(MENAFN - Khaleej Times) Despite demanding deep government spending cuts across the continent, the European Union's executive body has called for a 6.8 per cent increase in the bloc's own budget for 2013, provoking protests and adding fuel to the debate over austerity in Europe.
The request from the European Commission was condemned in several EU member states as unrealistic in a climate of stagnant economic growth, rising unemployment and cuts in welfare programmes and other government spending. Jan Kees De Jager, finance minister of the Netherlands, whose government collapsed last week amid a dispute over proposed spending cuts, was one of the critics.

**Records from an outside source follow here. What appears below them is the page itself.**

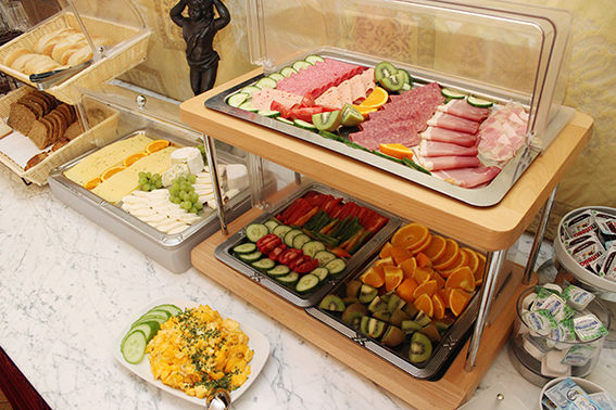 Sie können sich von unsrerm reichlichen Frühstücksbuffet nach Herzenslust bedienen. Heiße Getränke werden von unserem freundlichen Personal zu Tisch gebracht.
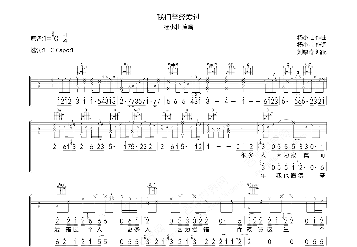 本谱根据杨小壮《我们曾经爱过》版本改编,单吉他弹唱谱,免翻页排版。
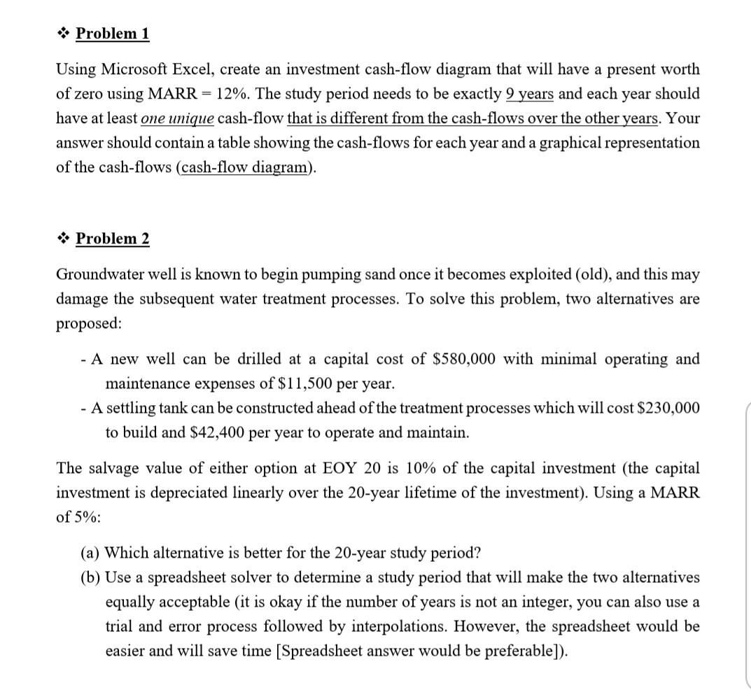 Solved Problem 1 Using Microsoft Excel, create an ... Question: Problem 1 Using Microsoft Excel, create an investment cash-flow diagram that will have a present worth of zero using MARR = 5.5%. The study period needs to be exactly & years and each year should have at least one unique cash-flow that is different from the cash-flows over the other years.
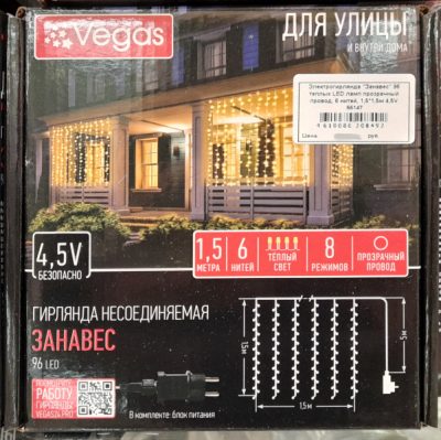 Электрогирлянда-конструктор «Занавес» 96 теплых LED (18 миг)ламп 6 нитей прозр провод 1*2м 24V 55023
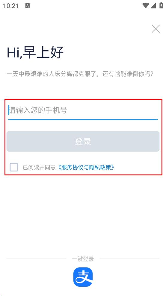 4、在登录界面,先勾选“已阅读并同意服务协议与隐私政策,然后在输入框中输入自己的手机号,最后点击“登录”按钮,完成登录流程。
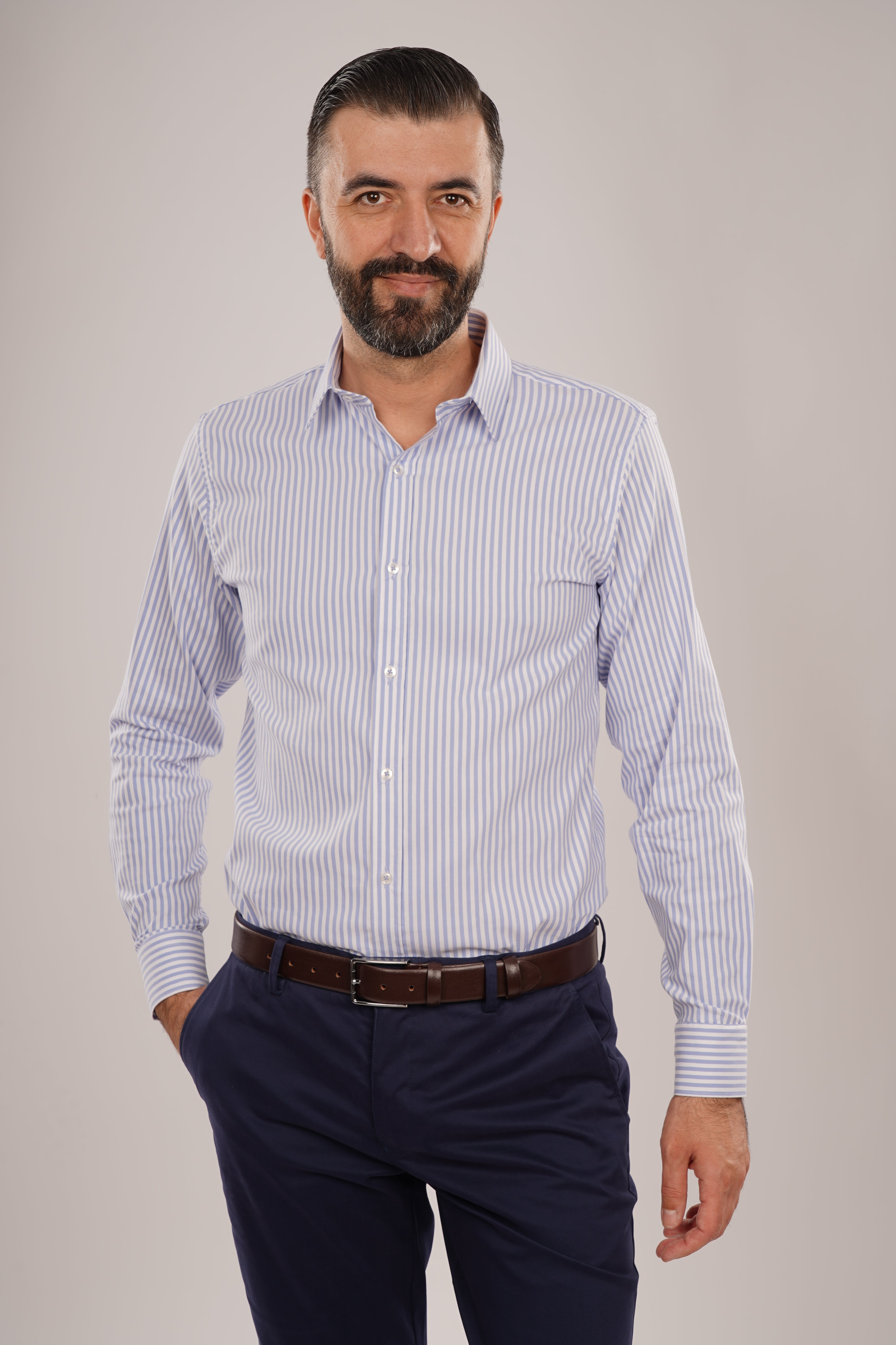 Cămașă Bărbați Alb-Albastru în Dungi – 97% Bumbac
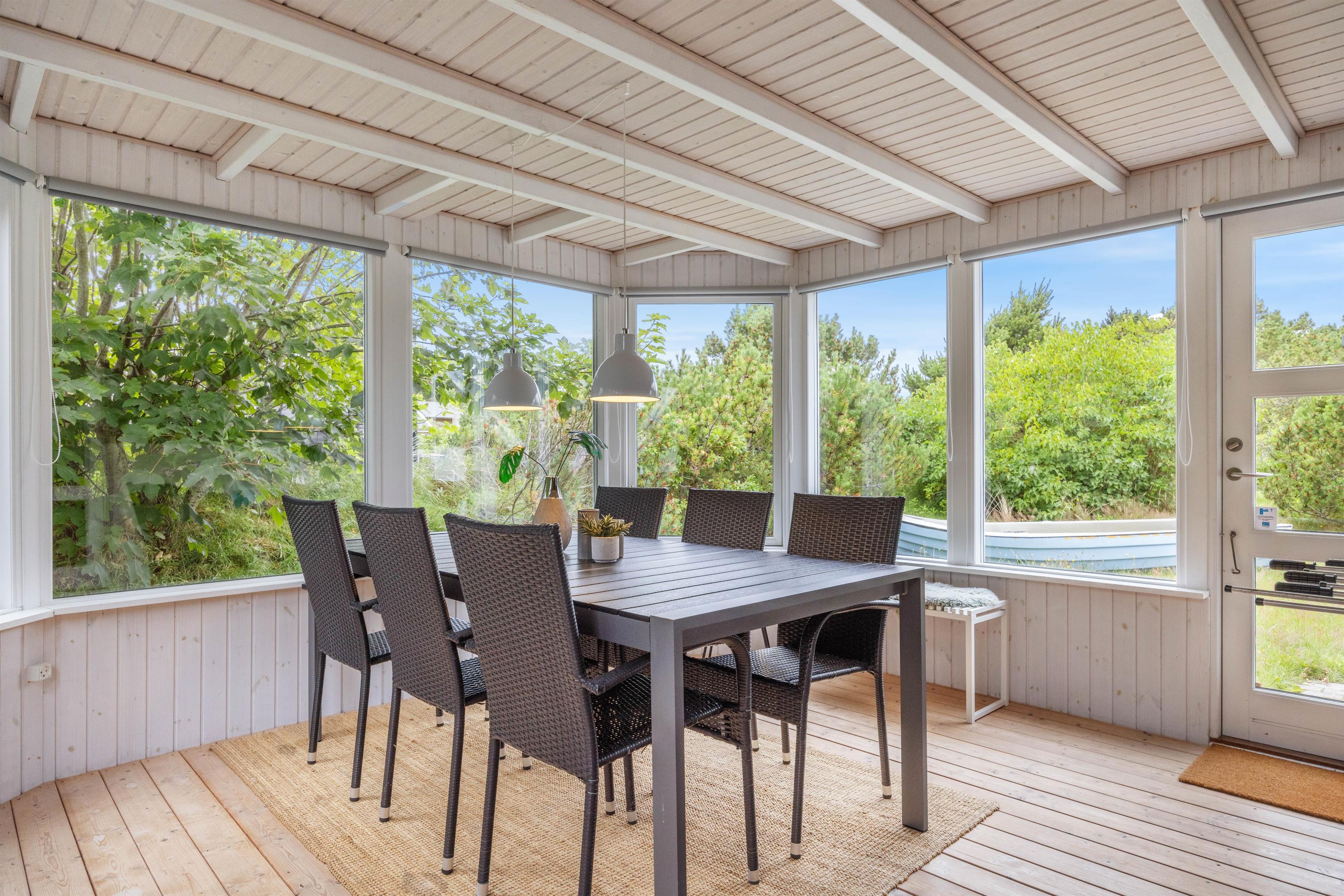 Den rummelige udestue er en af de mest specielle ting ved feriehuset: Allerede om foråret, når vejret stadig er en smule koldt, kan I få følelsen af at sidde udenfor. I kan nyde de første solstråler med en god bog og samtidig sidde helt beskyttet for vejr og vind.

The Netherlands is one of a number of EU member states that are net contributors to the Union's budget. The Union receives part of its funding from value-added tax receipts and duties, but the bulk is contributed by the governments of member states according to a formula related to their gross national income. Other net contributors include Germany, Britain and Sweden. The spending plan must be approved by a weighted majority of EU nations and of the European Parliament. Tough negotiations are inevitable, and the final increase is likely to be less than the commission requested.
Most of the proposed spending increase would be used to pay for projects in Europe's poorer regions that the Union has already promised to support. Because the bloc is nearing the end of its current seven-year funding program, which runs from 2007 through 2013, much of this spending would be carried out next year.
But budget hawks argued that the commission should propose cuts in other areas to allow it to fulfill those commitments while limiting the spending increase to the rate of inflation. Some diplomats argued privately that demanding a big increase was politically inept and played into the hands of critics of the Union. The European Union has been criticised as being out of touch with its constituents, particularly in countries that have received international bailouts " Greece, Portugal and Ireland - and by populists in other member countries, like the Netherlands.
But the debate over austerity in Europe has been complicated by clear indications that financial markets are worried that retrenchment across the Continent is eroding prospects for economic growth.